Nadler was becoming increasingly irate. Though his default mode is scholarly amusement, he is brutally honest and expects the same of others. All day, Trump’s lawyers had been pushing the boundaries of veracity. Nadler had finally reached a boiling point.

I testified against Trump’s impeachment. But let’s not pretend it didn’t happen.

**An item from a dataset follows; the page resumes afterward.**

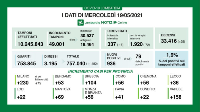 I nuovi casi in Lombardia sono stati 936 (di cui 79 ‘debolmente positivi’) a fronte di 49.001 tamponi effettuati (di cui 30.537 molecolari e 18.464 antigenici) per un rapporto del 1,8%. Si sono registrati 25 nuovi decessi.
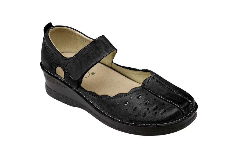 Zdravotní obuv - dámská vycházková obuv,Barva: černá,Podešev: černá,Stélka: anatomicky tvarovaná,Materiál: kůže,prodyšný materiál.

Schiff sat jotting notes. The lead manager had been the primary target of outrageous GOP falsehoods for months, and he’d grown used to them, learning to maintain a neutral expression. He was one of the great orators in Congress when moved to speak, but his resting mode was stillness — a rhetorical predator ready to fly from his perch and make a calculated strike, whereas Nadler acted in the heat of the moment.

Schiff inclined his head as Nadler whispered heatedly into his ear: “Adam, we can’t let them get away with this. These are blatant lies about my committee.” Schiff pursed his lips and considered — as calm as Nadler was pugnacious. Schiff recommended that we not respond too aggressively to their bait. Instead, he wanted to stick with our plan for that first day: March through the witnesses and the documents, demand that the Senate subpoena witnesses, and display our elaborate multimedia presentations.

Nadler’s turn to speak was fast approaching. He would be arguing for the Senate to issue a subpoena for our most important potential witness, John Bolton, but I knew he’d want to respond to Philbin, too. “What are you going to say?” I asked Nadler.

We had been side by side long enough that I trusted he understood I was not asking how he would be approaching his argument for Bolton. I wanted to know how he’d respond to Trump’s attempt (by proxy) at derailing the integrity of the court. How do you handle a situation where it’s not just the president who has lied but his counsel, in the course of a trial over the president’s own prevarications? How can you have a trial if the combatants won’t abide by a shared understanding of what is and is not in bounds?

Nadler replied immediately, proposing an antidote — the only one that works in this kind of situation. It was the North Star that had guided him through his decades in politics and all of us through the entire impeachment year.

“The truth,” he answered.

Nadler rose and blasted Trump’s lawyers: “They lie, and lie and lie and lie.” He explained that they didn’t want the Senate to hear from Bolton “because they know he knows too much.” And then he lit into the senators themselves, warning that the Senate was “on trial in the eyes of the American people.” Voting against testimony from Bolton and other witnesses was “voting for a coverup” and “obviously a treacherous vote.”

As Nadler returned to our table, all hell broke loose, with Trump’s counsel furiously arguing back and Sen. Susan Collins (R-Maine) complaining to Chief Justice John Roberts, who ultimately reprimanded both sides. Nadler kept his face studiously neutral through it all. As he pointed out to me and Berke in a low voice, “It is treacherous and they are lying.”

Nadler wouldn’t win any awards for diplomacy. But he saw what lay ahead: the betrayal of our Constitution by the Republican senators who would embrace the lies — and the need to rely on the judgment of the American people instead. In fewer than 100 days, they will cast the ultimate verdict on the president and his enablers.

This article is adapted from “A Case for the American People: The United States v. Donald J. Trump.”

CORRECTION: An earlier version of this story misidentified the state Rep. Jason Crow represents in Congress. He is from Colorado, not Wisconsin.